# coffee table



## wood-junkie (Jan 31, 2012)

Finally decided to finish spalted yellow birch, zebra wood stretcher.


----------



## JMC (Jan 31, 2012)

Very nice.


----------



## Kevin (Jan 31, 2012)

I am *LOVING* that.  

I probably would have put in some slight relief between each leg end so it wouldn't rock on uneven surfaces, and a little radius beneath the stretcher ends but no matter that is superb.  


.


----------



## Kenbo (Jan 31, 2012)

Wow, that is gorgeous. You guys are killing me with all this natural edge work. Just beautiful stuff.
Great work. :i_am_so_happy:


----------



## woodtickgreg (Feb 1, 2012)

bigcouger said:


> :morning2: Very Nice, all Natural, I love it  :morning1:





Joe Rebuild said:


> Very nice indeed. I have always loved the natural live edge look.

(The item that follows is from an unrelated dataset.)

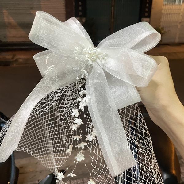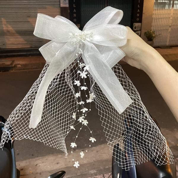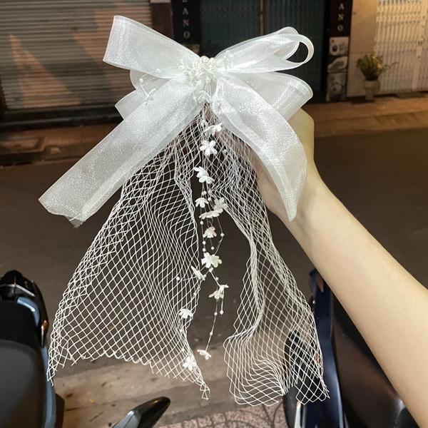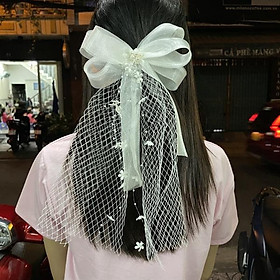 ✨Nơ cài tóc vải voan gắn lưới cách điệu đính dây hoa thả mẫu mới t12/2023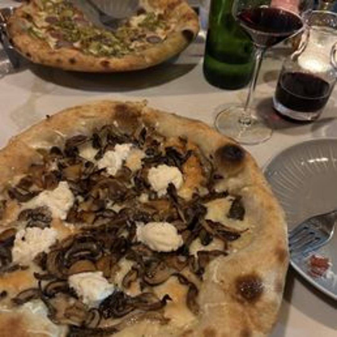 A unique pizza featuring a Korean-inspired twist. Topped with a tangy and spicy kimchi base, mozzarella cheese, and potentially other ingredients such as gochujang sauce, sesame seeds, or a protein.

Me to I love thick live edge stuff, even better with such a figured piece of wood


----------



## Mac (Feb 1, 2012)

oh gee!  that is wonderful! :i_am_so_happy: now i know for sure I can't through any scrap in the burn pile. I defiantly got to retire so I can practice stuff like that!!!!!!!!


----------



## CodyS (Feb 3, 2012)

PRETTY-FULL


----------



## wood-junkie (Feb 3, 2012)

Kevin said:


> I am *LOVING* that.
> 
> I probably would have put in some slight relief between each leg end so it wouldn't rock on uneven surfaces, and a little radius beneath the stretcher ends but no matter that is superb.
> 
> ...



I am very interested in your how you would have handle the stretcher. All I did was to lay down some boards that were in a pile, no two boards the same. On top of my table saw it is perfectly flat. The stretcher, bridal joint is not glued or screwed, it allows for slight adjustment on different floors. Give it to me straight, bad idea?


----------